Task goal:
Your copy starts at the line containing "Thesis Preparation Introduction" and ends at the last line below. Copy exactly, without pictures.

*** Opening Study material ***

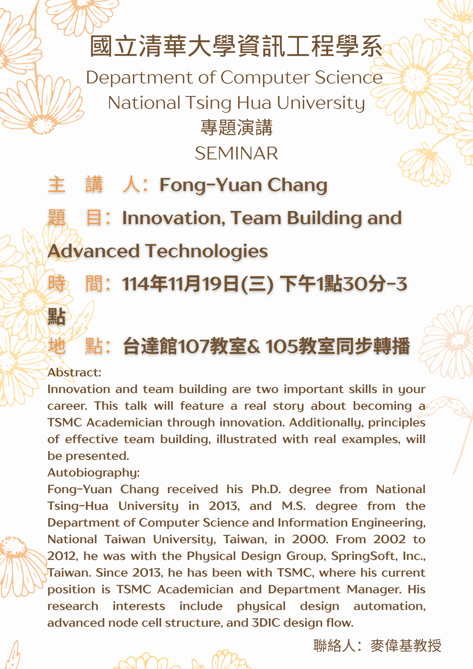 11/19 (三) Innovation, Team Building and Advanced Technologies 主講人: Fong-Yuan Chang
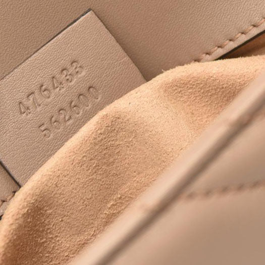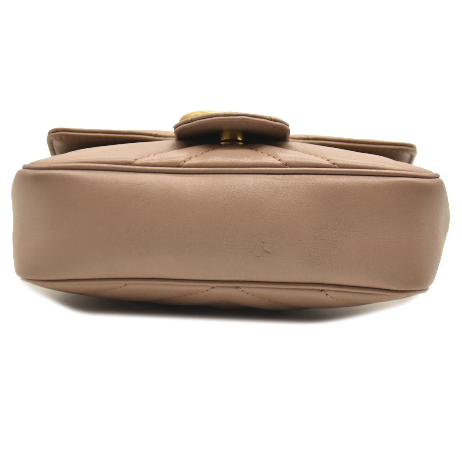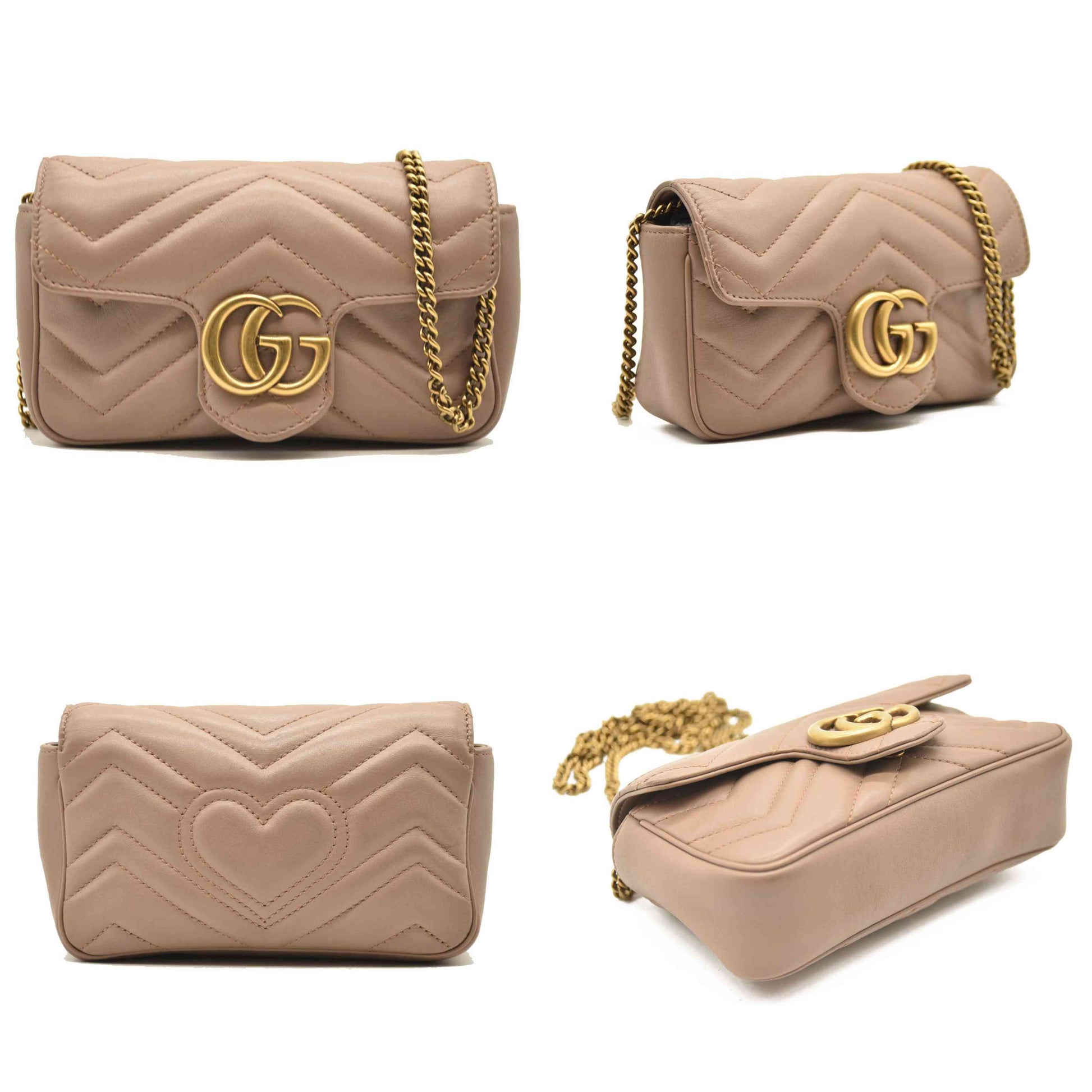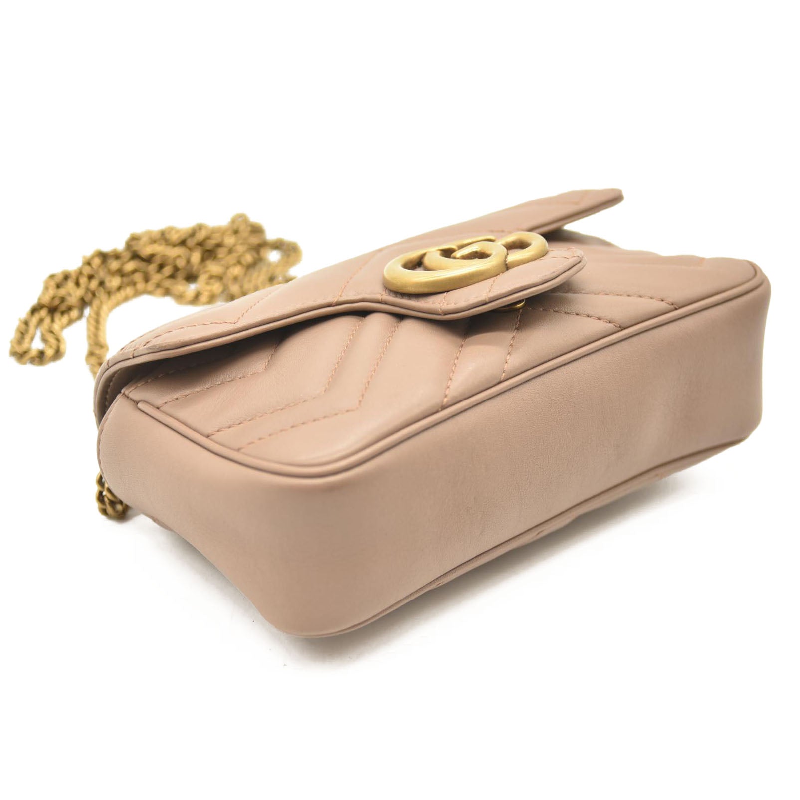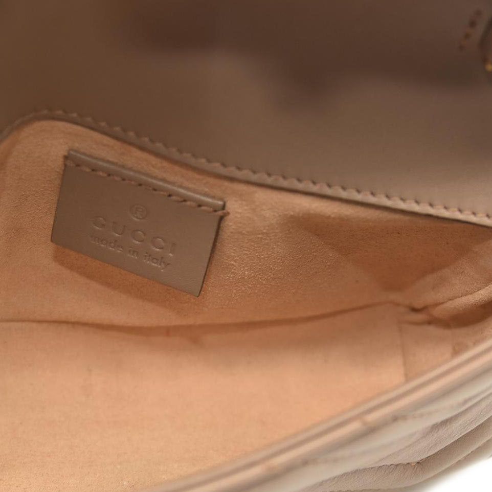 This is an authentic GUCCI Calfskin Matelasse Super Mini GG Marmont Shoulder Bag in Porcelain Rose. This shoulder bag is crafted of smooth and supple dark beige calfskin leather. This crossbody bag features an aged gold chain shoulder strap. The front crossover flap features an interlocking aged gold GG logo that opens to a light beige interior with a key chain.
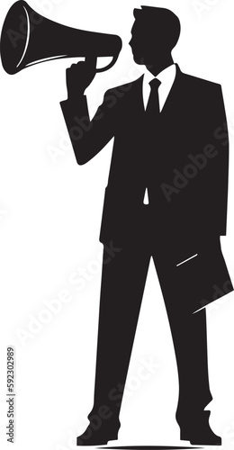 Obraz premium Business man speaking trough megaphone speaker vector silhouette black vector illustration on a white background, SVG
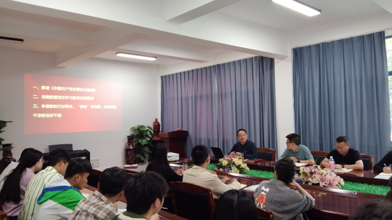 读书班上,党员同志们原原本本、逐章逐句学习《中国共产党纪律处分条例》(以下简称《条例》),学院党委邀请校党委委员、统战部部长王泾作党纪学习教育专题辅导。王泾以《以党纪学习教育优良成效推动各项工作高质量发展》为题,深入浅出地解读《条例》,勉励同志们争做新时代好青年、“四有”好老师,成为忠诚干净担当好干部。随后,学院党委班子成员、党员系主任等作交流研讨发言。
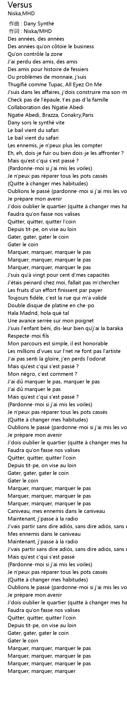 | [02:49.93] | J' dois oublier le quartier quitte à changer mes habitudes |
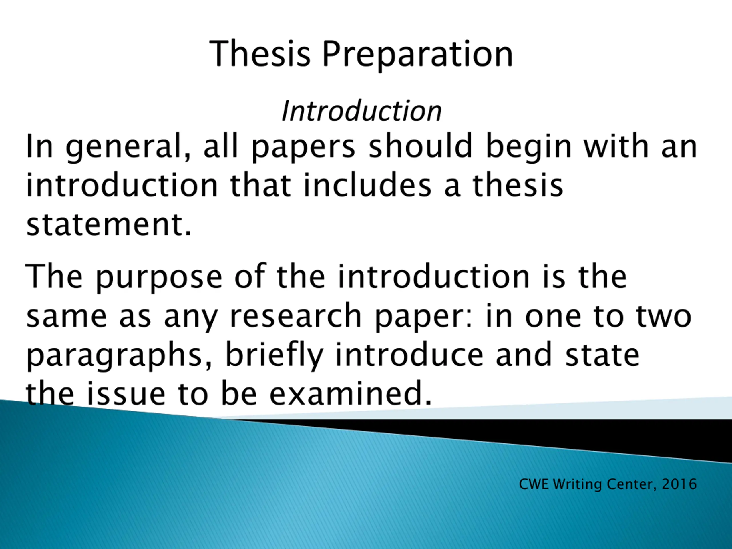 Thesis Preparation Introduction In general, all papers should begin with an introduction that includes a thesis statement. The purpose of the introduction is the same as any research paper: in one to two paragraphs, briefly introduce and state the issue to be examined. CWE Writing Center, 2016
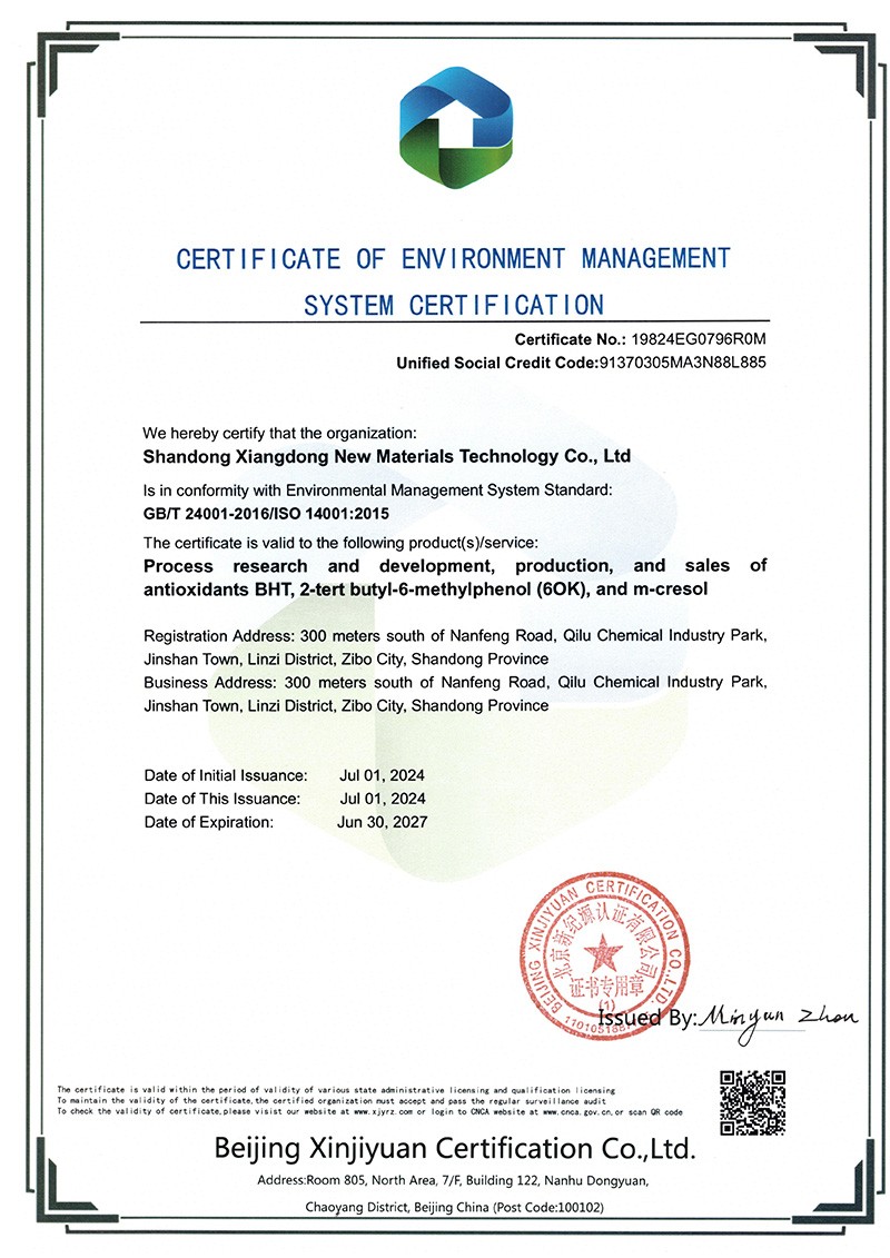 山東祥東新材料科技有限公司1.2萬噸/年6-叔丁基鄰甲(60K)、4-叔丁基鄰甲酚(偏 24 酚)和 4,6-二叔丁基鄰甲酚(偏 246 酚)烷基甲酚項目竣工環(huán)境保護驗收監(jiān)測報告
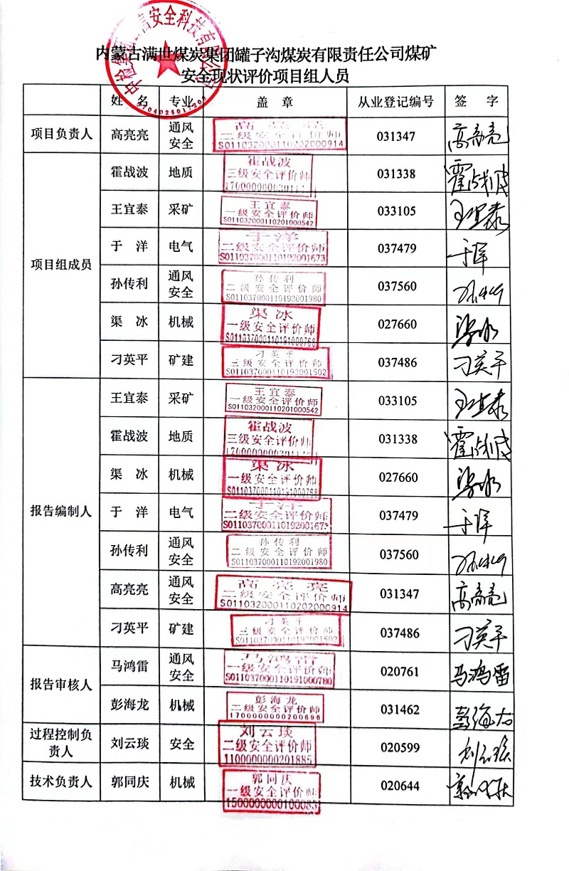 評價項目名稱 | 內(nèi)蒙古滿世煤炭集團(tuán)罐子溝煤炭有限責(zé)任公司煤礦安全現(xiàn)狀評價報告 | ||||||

*** Closing Study material ***

Task result:
 Thesis Preparation Introduction In general, all papers should begin with an introduction that includes a thesis statement. The purpose of the introduction is the same as any research paper: in one to two paragraphs, briefly introduce and state the issue to be examined. CWE Writing Center, 2016
 山東祥東新材料科技有限公司1.2萬噸/年6-叔丁基鄰甲(60K)、4-叔丁基鄰甲酚(偏 24 酚)和 4,6-二叔丁基鄰甲酚(偏 246 酚)烷基甲酚項目竣工環(huán)境保護驗收監(jiān)測報告
 評價項目名稱 | 內(nèi)蒙古滿世煤炭集團(tuán)罐子溝煤炭有限責(zé)任公司煤礦安全現(xiàn)狀評價報告 | ||||||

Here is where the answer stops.